▶ HOW TO COMPLETE THIS TASK
Please retype the listing below exactly as it stands, skipping any pictures.

▶ EXERCISE DATA
□ □ □

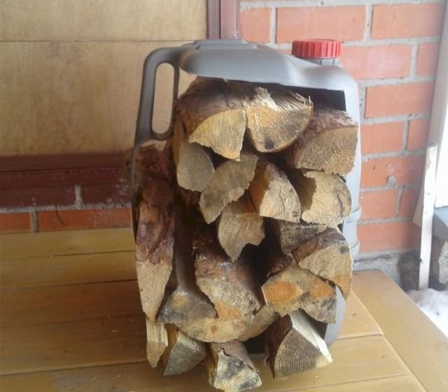 Интересное приспособление для хранения дров продемонстрировал Мальгин Василий из Белоярского района. Он сделал дровницу из старой канистры.
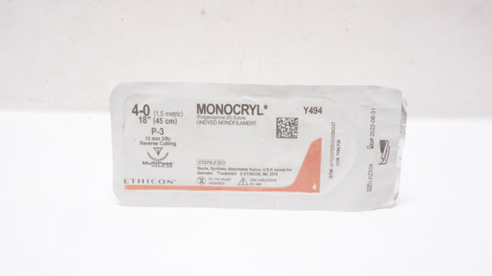 - Ethicon Y494 4-0 MONOCRYL Stre P-3 13mm 3/8c Reverse Cutting 18inch (x)
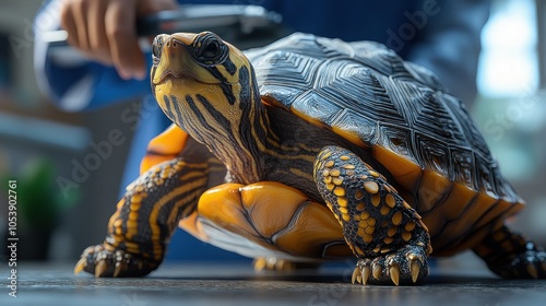 © reza, Obraz premium A turtle on a table with a person holding a tool above it.
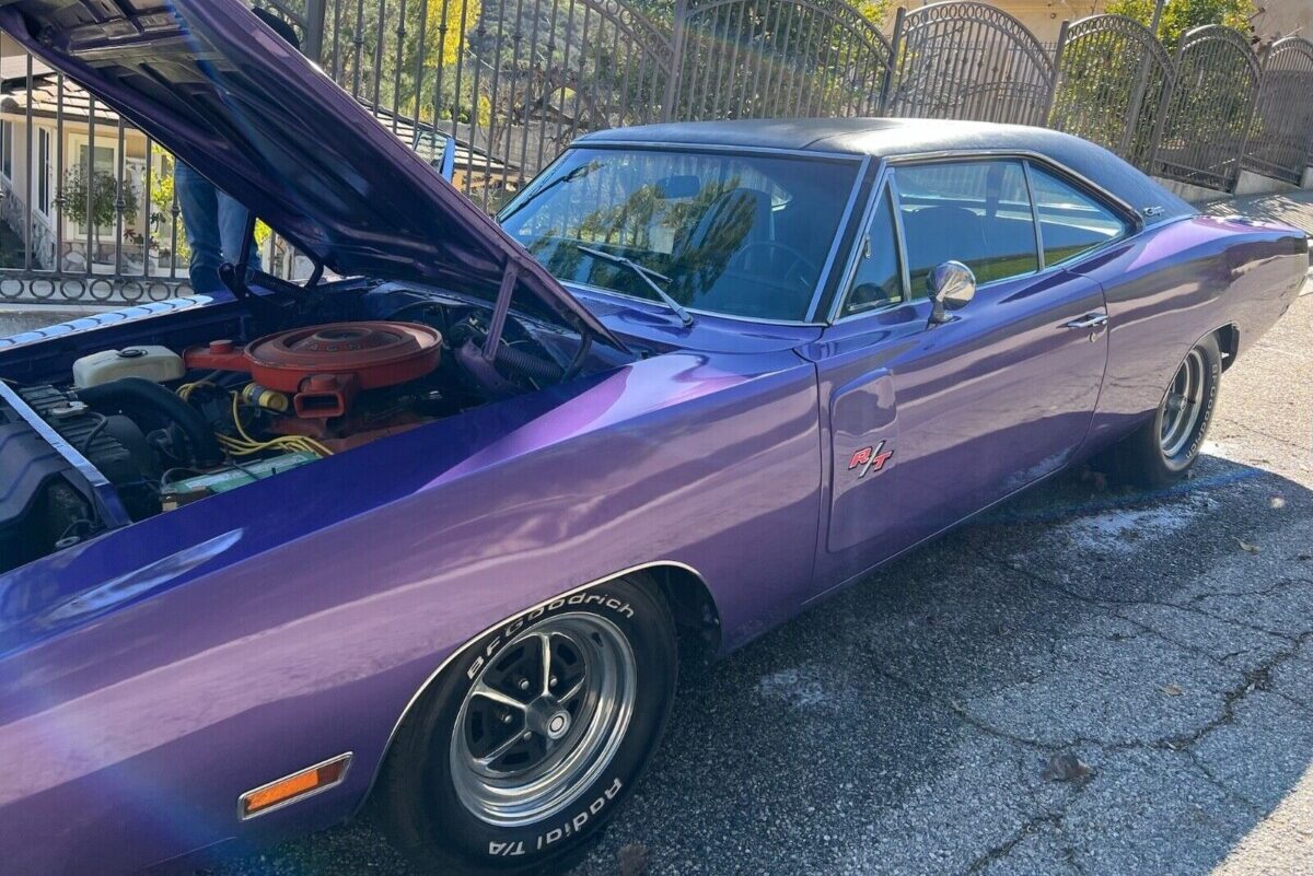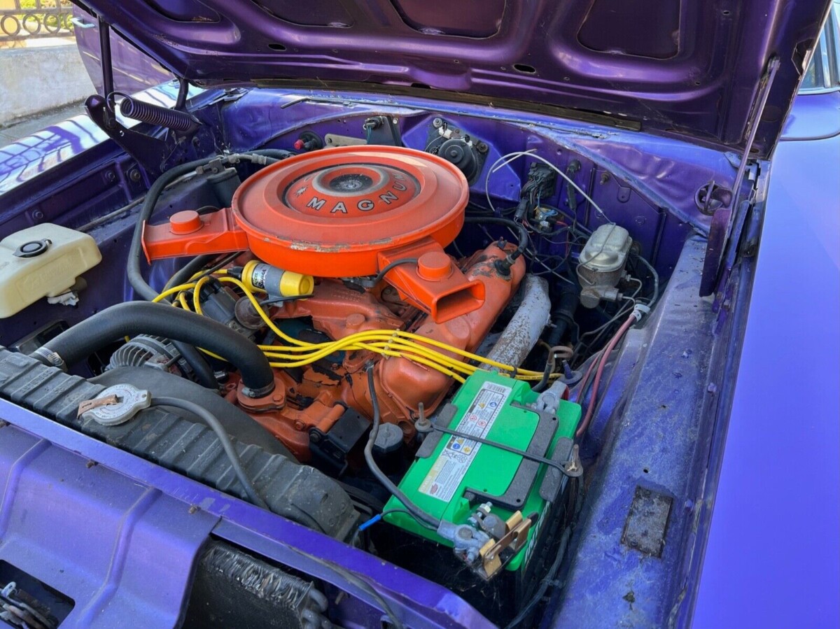 well it’s not a real R/T, 318 car, but it is a factory FC7 plum crazy I can’t tell about if it has the right shade of purple and hard to tell if the interior is original but it does look like the carpet is and also the vinyl top is because you can see the top has cracks and is very dry, the thing is that it coast just about as much just about as much to restore a 318 car as it does a real R/T so why would anyone want to buy a clone, not a bad car but not for me!

□ □ □

▶ TASK RESPONSE
 Интересное приспособление для хранения дров продемонстрировал Мальгин Василий из Белоярского района. Он сделал дровницу из старой канистры.
 - Ethicon Y494 4-0 MONOCRYL Stre P-3 13mm 3/8c Reverse Cutting 18inch (x)
 © reza, Obraz premium A turtle on a table with a person holding a tool above it.
 well it’s not a real R/T, 318 car, but it is a factory FC7 plum crazy I can’t tell about if it has the right shade of purple and hard to tell if the interior is original but it does look like the carpet is and also the vinyl top is because you can see the top has cracks and is very dry, the thing is that it coast just about as much just about as much to restore a 318 car as it does a real R/T so why would anyone want to buy a clone, not a bad car but not for me!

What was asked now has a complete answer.